Like what, I ask. "The biggest misconception is that the leaders were crazy and the students were weak-minded. Just the opposite is true."
I ask them both if there is anything about Marshall and Nettles' personalities they would like to share. They claim both were "very level-headed and very wise in the way they performed and spoke".
"They were very consistent and frugal, like us," they said.
THE NEXT LEVEL
Much like their own roles after the mass deaths, there is a succession plan in place so the teachings can carry on after the surviving pair are gone, although they are tight-lipped as to exactly what this entails. They are adamant Heaven's Gate is no longer operational, and they don't receive new members.

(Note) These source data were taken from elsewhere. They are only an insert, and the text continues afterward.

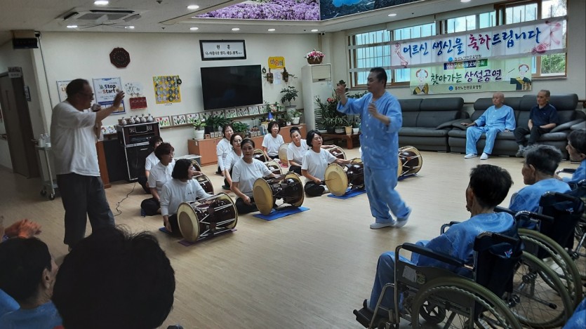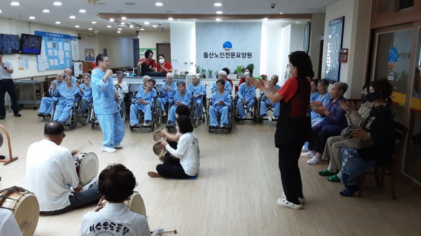 어르신 생신 잔치에 위문 공연 팀이 함께 참여하여 흥겨운 노래와 춤으로 즐거운 시간을 만들어 드렸어요. 공연을 보시며 어르신들께서 춤과 환한 미소로 박수를 보내며 즐겁게 참여하셨고, 축하의 분위기 속에 따뜻한 감동이 더해졌답니다.
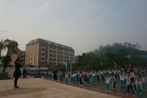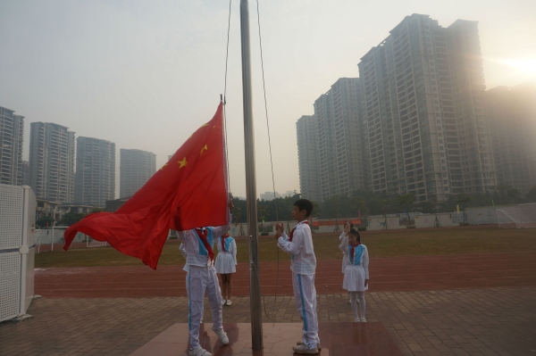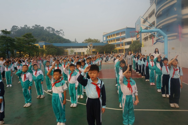 11月25日上午,伴随着清晨的第一缕阳光,虎逊小学全体队员集中在学校篮球广场进行每周一的升旗仪式。仪式开始,全体师生肃立。五星红旗伴随着嘹亮的国歌声冉冉升起,在学校田径场的上空迎风飘扬。
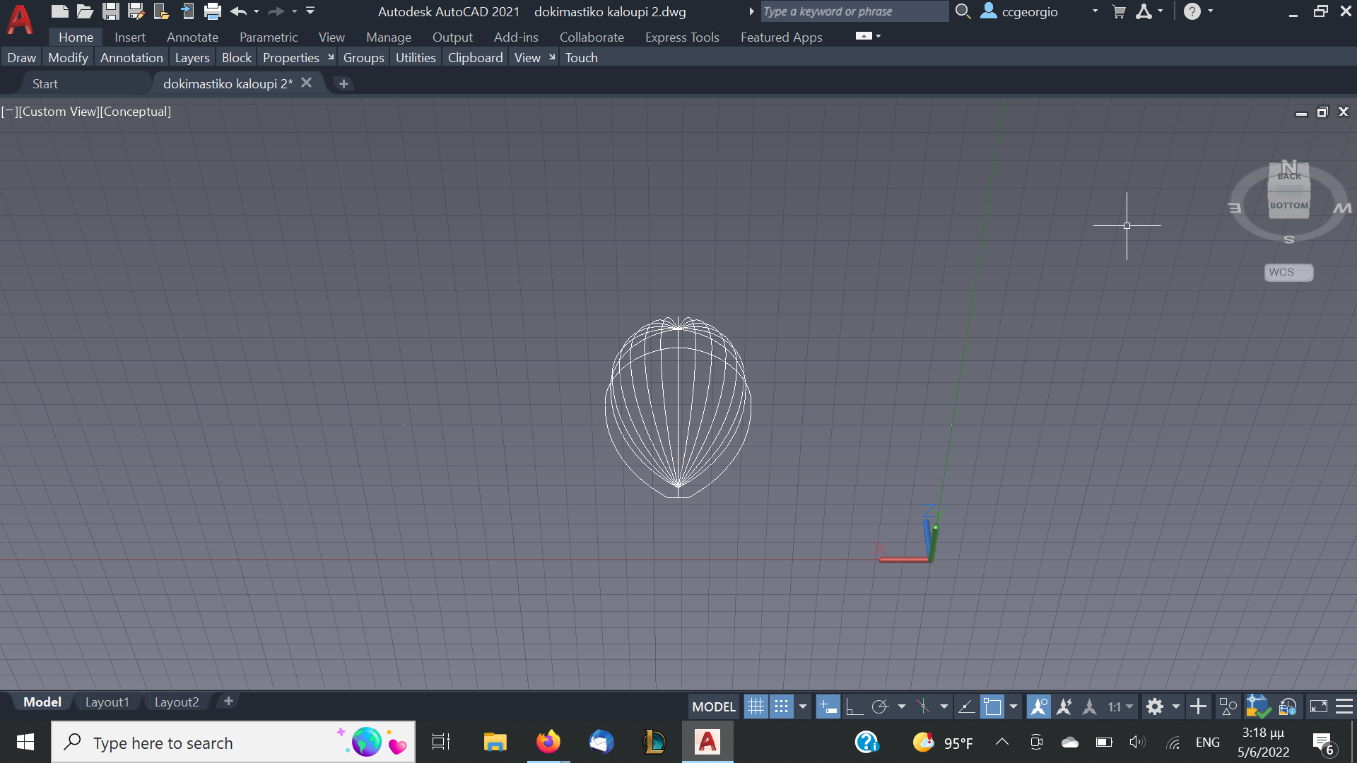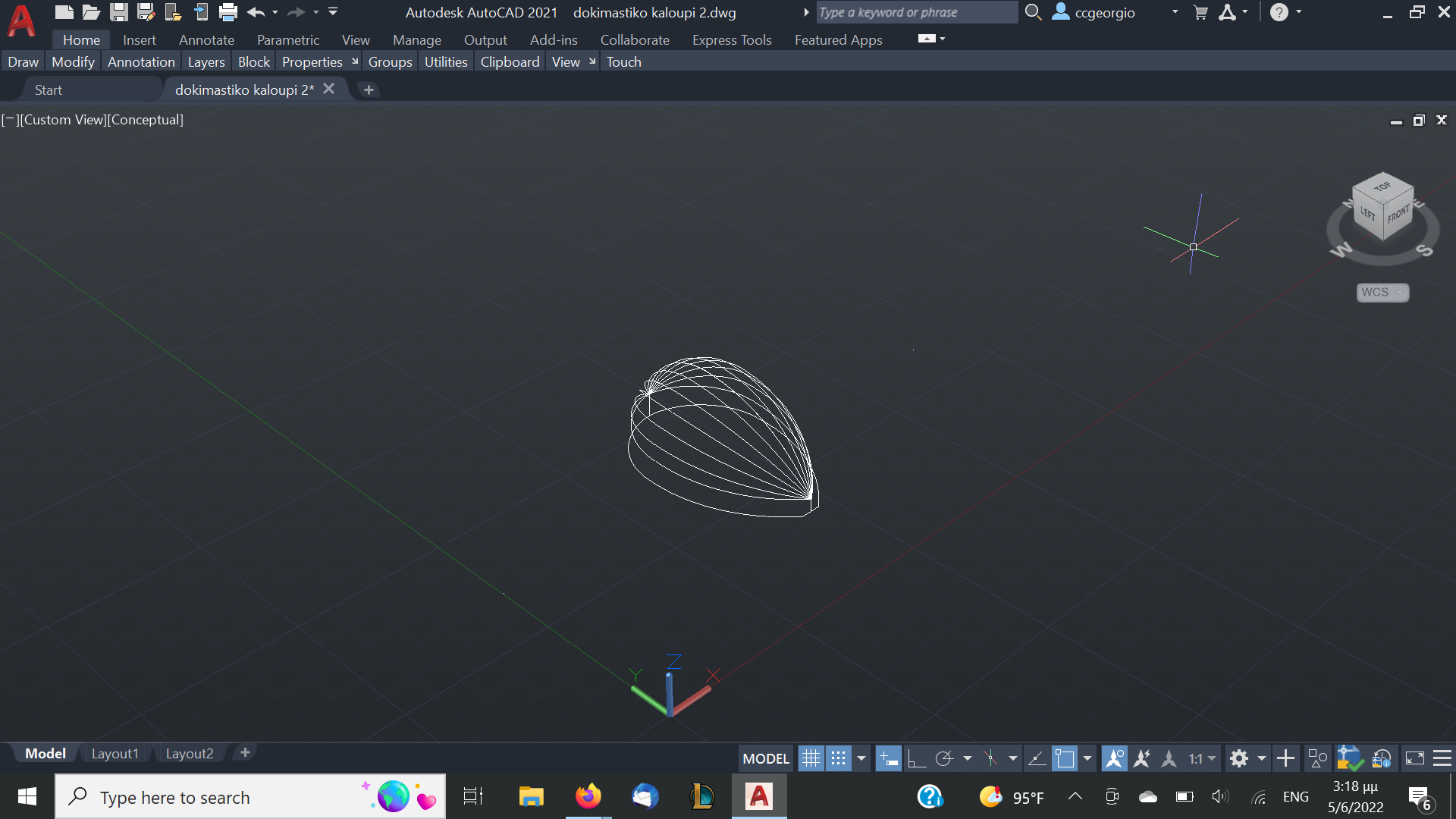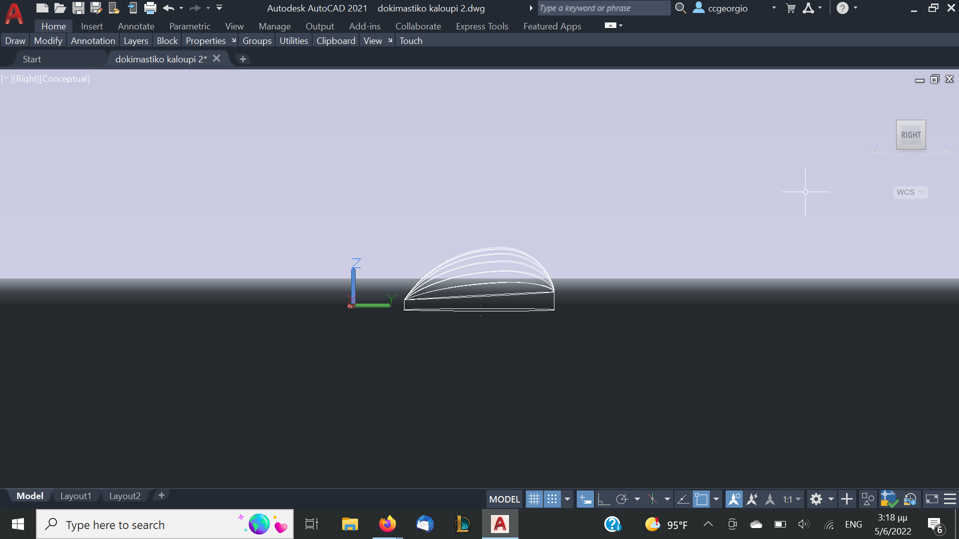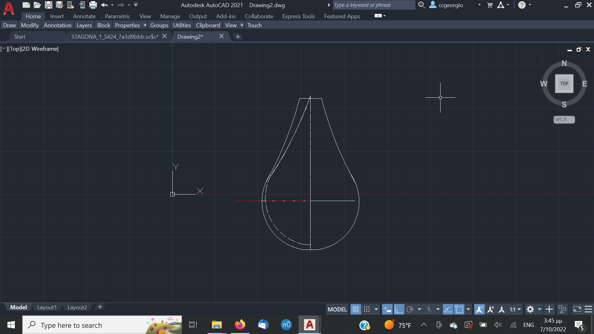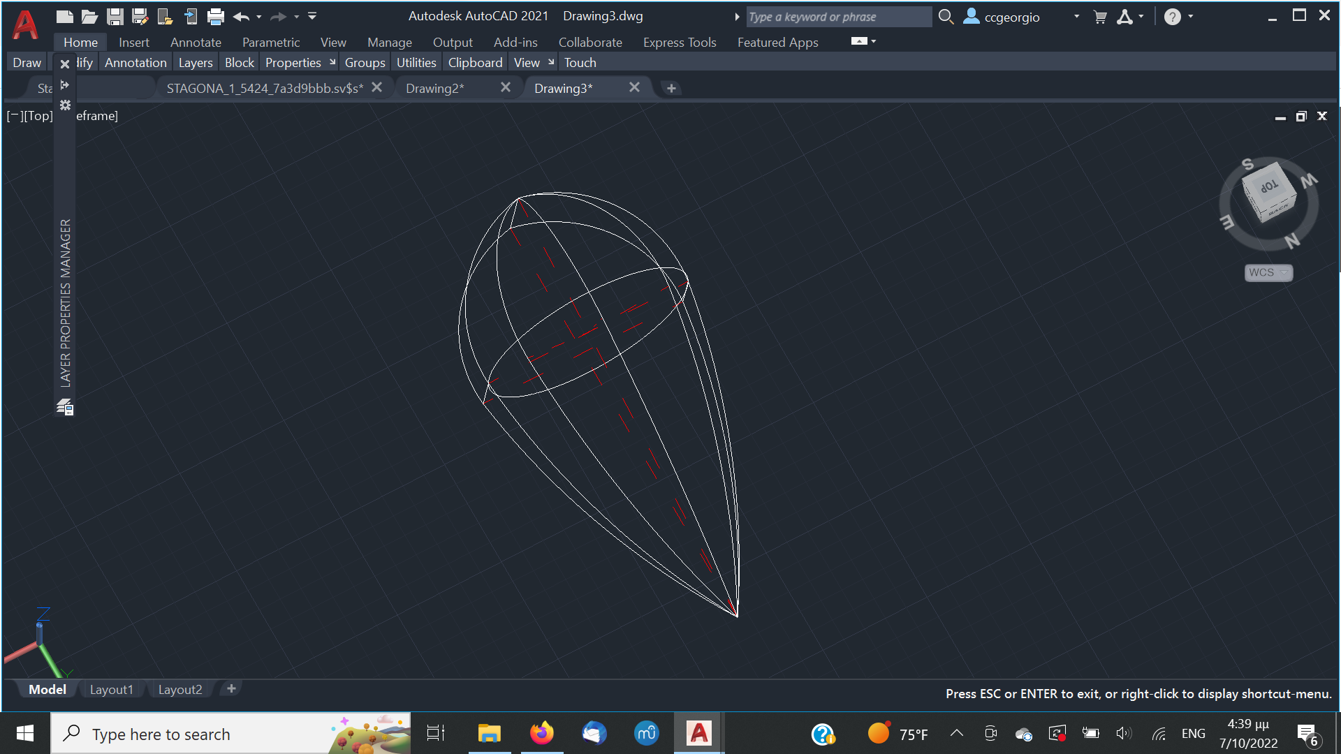 Αφού αφήσουμε τις κόλλες να στεγνώσουνε καλά το καλούπι θα πάρει την μορφή με τις πολλές γωνίες. Ένα ακόμα σημείο που πρέπει να αναφέρουμε είναι πως το καλούπι για να δουλεύται πρέπει να μπορεί να σταθεροποιηθεί σε μέγκενη. Για τον λόγο αυτόν από την κάτω μεριά του κόντρα πλακέ έχει βιδωθεί ένα ξύλο μακρόστενο και το καλούπι πλέον σταθεροποείται πλέον άνετα σε μέγκενη. Τώρα λοιπόν, με το πριόνι και με οδηγό τον εγκάρσιο νομέα, κόβουμε ότι περισσεύει από το πάνω μέρος. Αντίστοιχα ''ξυρίζουμε'' περιμετρικά του σκάφους ότι περισεύει και από εκεί. Για ναφέρουμε στην τελική του μορφή το καλούπι, πλέον θα δουλέψουμε με χοντρή ράσπα. Μια βασική αρχή που πρέπει να έχουμε πάντα υπόψη μας στην κατασκευή είναι ότι για να διατηρηθεί το σχήμα που αρχικά σχεδιάσαμε, θα πρέπει σε όλη την περίμετρο του τεταρτοκύκλιου το κάθε κομμάτι θα πρέπει να κρατηθεί ανέπαφη η περίμετρος στο σημείο που σχεδιάσαμε και το υπόλοιπο να σβήσει μέχρι την σχεδιασμένη περίμετρο του επόμενου κομματιού.΄Ποως φαίνεται στο σχέδιο αφαιρούμε την κόκκινη περιοχή. συγκεριμένα για τα κομμάτια Α και Β, το Β στο σημείο 3 δεν το κατεβάζουμε, αλλά στο υπόλοιπο μέρος φτάνουμε στο σημείο 2 όπου είναι η περίμετρος το κομματιού Α.
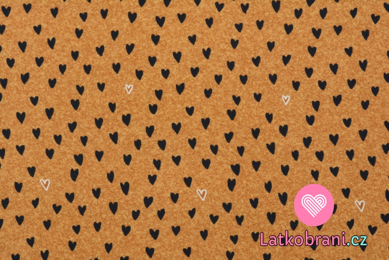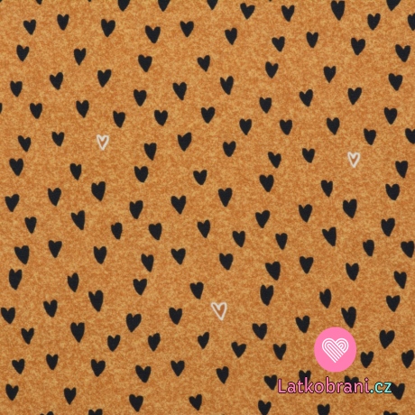 Teplákovina potlač srdiečka na tehlovom podklade jeans efekt
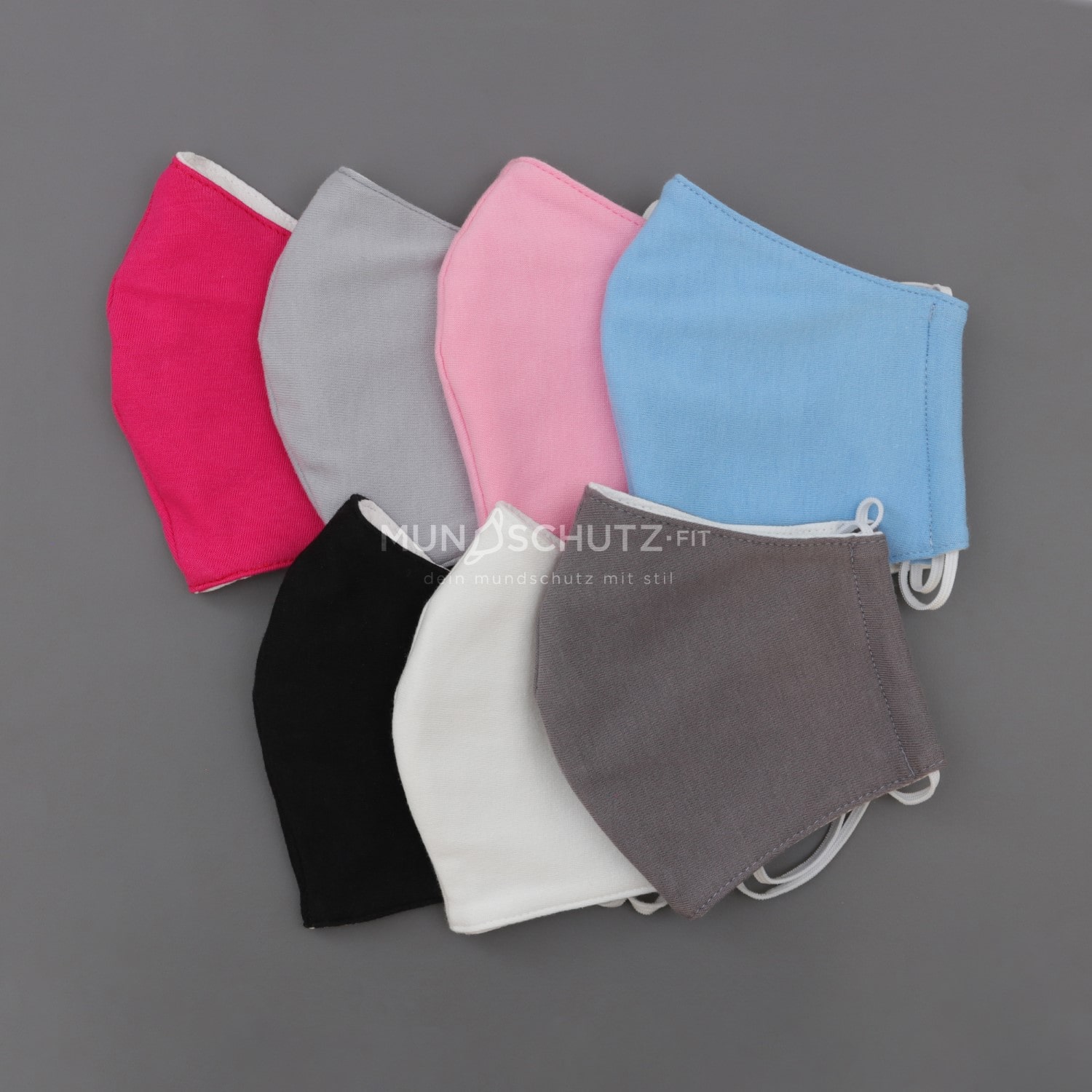 Der wählbare besonders pflegeleichte Außenstoff ist ebenfalls wie die restlichen drei Spezial-Stofflagen nach Bedarf bis 50°C Temperatur waschmaschinengeeignet. Auch in den Trockner kann diese Maske bei mittlerer Stufe rein. Die Wiederverwendung ist somit unbegrenzt möglich.
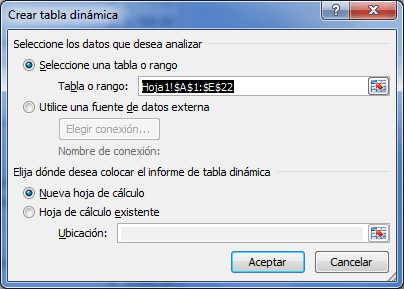 Se mostrará el cuadro de diálogo Crear tabla dinámica. Si es necesario podrás ajustar el rango de datos que se considerará en la tabla dinámica.

"We get people who want to join everyday but we have to tell them no."
Yet they still distribute the books and the teachings — "we do educate and supply them information, if they request it" — and presumably someone will have to handle the administration that comes with running a cult — even a largely non-operational one.
They will only confirm that, yes, there is a plan for when they pass on so Applewhite's teachings will continue into the future and beyond.
Maybe a website refresh will be on the cards, too. After all, stranger things have happened.